Corporate executives have been updating investors this month on the impact of rising prices on their businesses during the third quarter.

American Airlines management noted inflationary pressure in jet fuel prices and staff wages on its earnings call Thursday morning.

West Texas Intermediate, the US oil benchmark, notched its highest price in seven years this month. Energy costs are a large input into most market measures of inflation.

“These longer-term inflation expectations are suggesting that a rise in commodity prices may have a more durable impact on inflation,” said Subadra Rajappa, head of US rates strategy at Société Générale.

Rising fuel prices also cut into railroad operator Union Pacific’s margins, alongside logjams at ports leading the company to warn that it now expects shipping volumes to grow at a slower rate this year compared to earlier forecasts.

Mark Schneider, chief executive of foodmaker Nestlé, on Wednesday warned the pressure from rising inflation had “not improved” since he raised the issue on the company’s first-quarter earnings call in April. “Input costs are rising faster than we can roll forward through pricing,” he said.

The Federal Reserve has become more outspoken that it will not let inflation get out of hand, with the central bank preparing to tighten monetary policy by tapering its $120bn a month of bond purchases. Officials forecast increases to interest rates may be necessary as soon as next year.

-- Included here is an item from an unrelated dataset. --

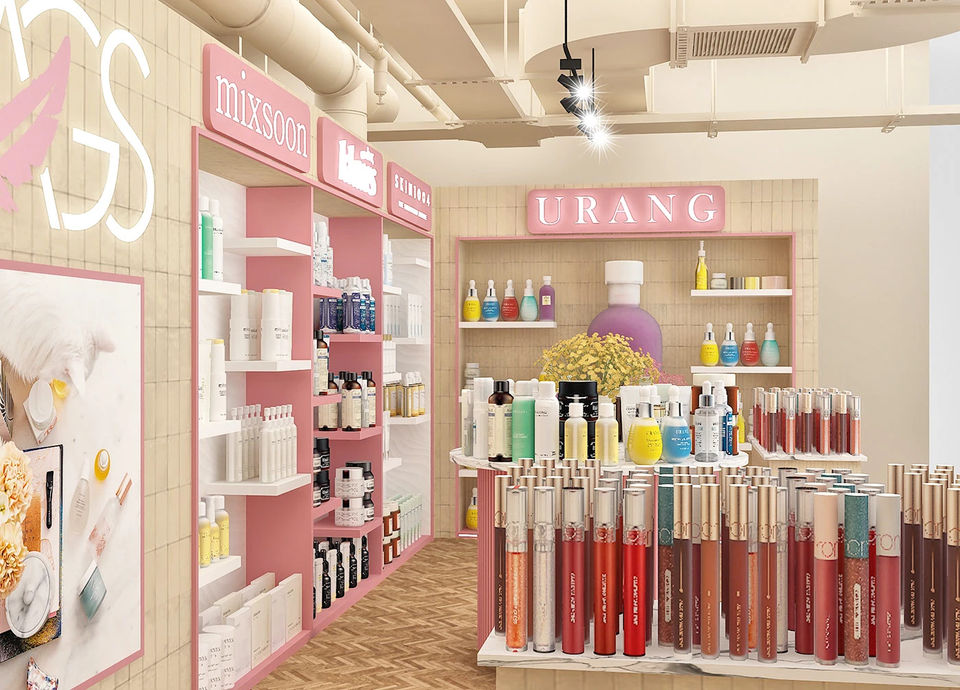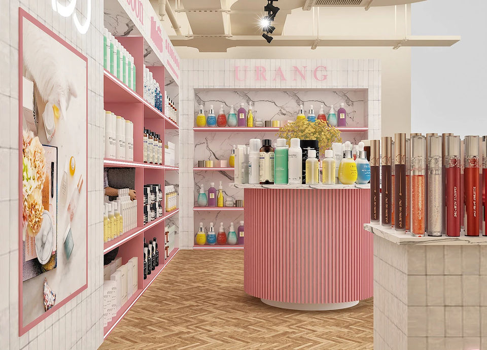 Mostrador de barra de Perfume personalizado de alta calidad, iluminación LED, vitrina de vidrio cosmético para decoración de muebles de tienda de maquillaje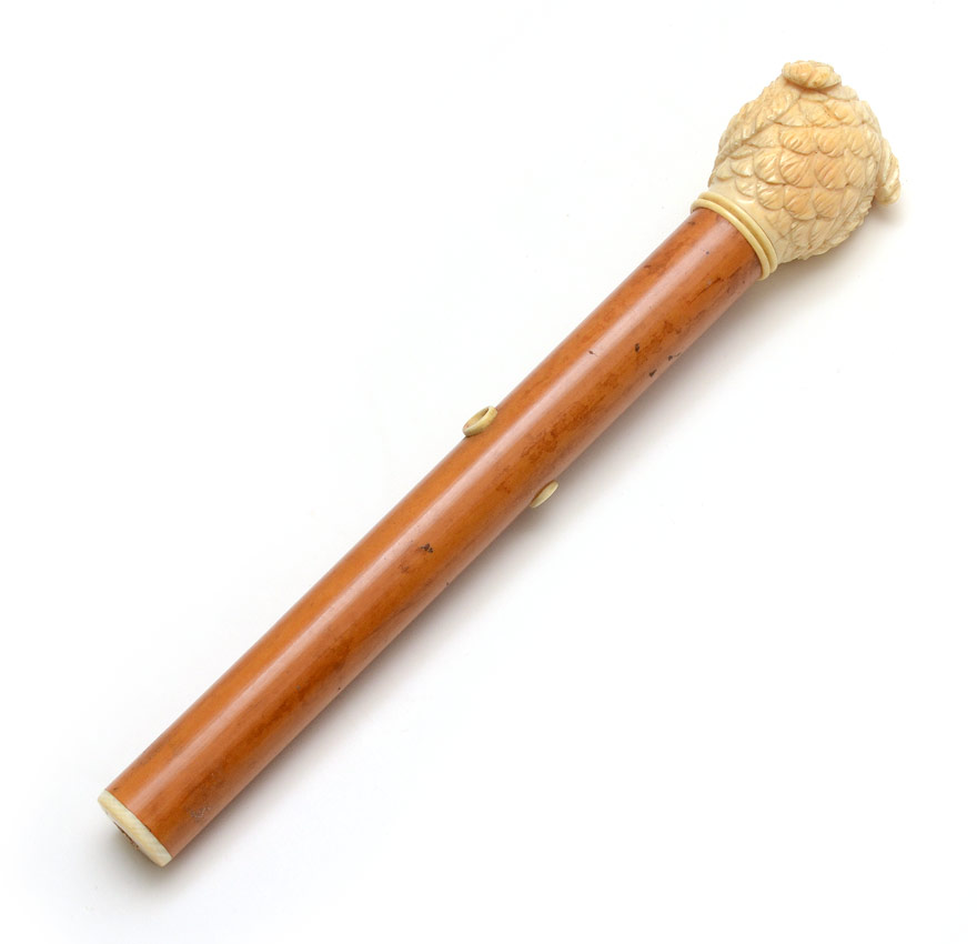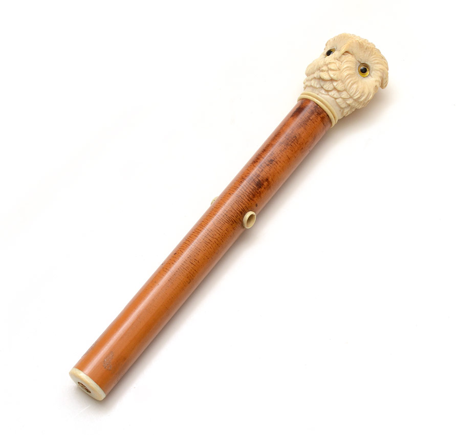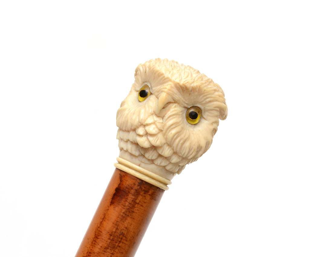 CARVED IVORY OWL PARASOL HANDLE: Pommel in the form of a carved figural owl head, wood shaft with ivory collar and lanyard hole. Glass eyes. Measures 8'' long.

Nonetheless, some investors are growing increasingly sceptical of the Fed’s commitment to combating rising inflation for fear of putting the brakes on the economic recovery, especially stemming from rising commodity prices. “It’s not the type of inflation that the Fed has historically been willing to adjust monetary policy to counteract,” said Lyngen.

In a recent letter to investors seen by the Financial Times, hedge fund manager David Einhorn’s Greenlight Capital said Fed chair Jay Powell “hasn’t lifted a finger to fight inflation”, adding, “inflation is here and it appears poised to worsen”.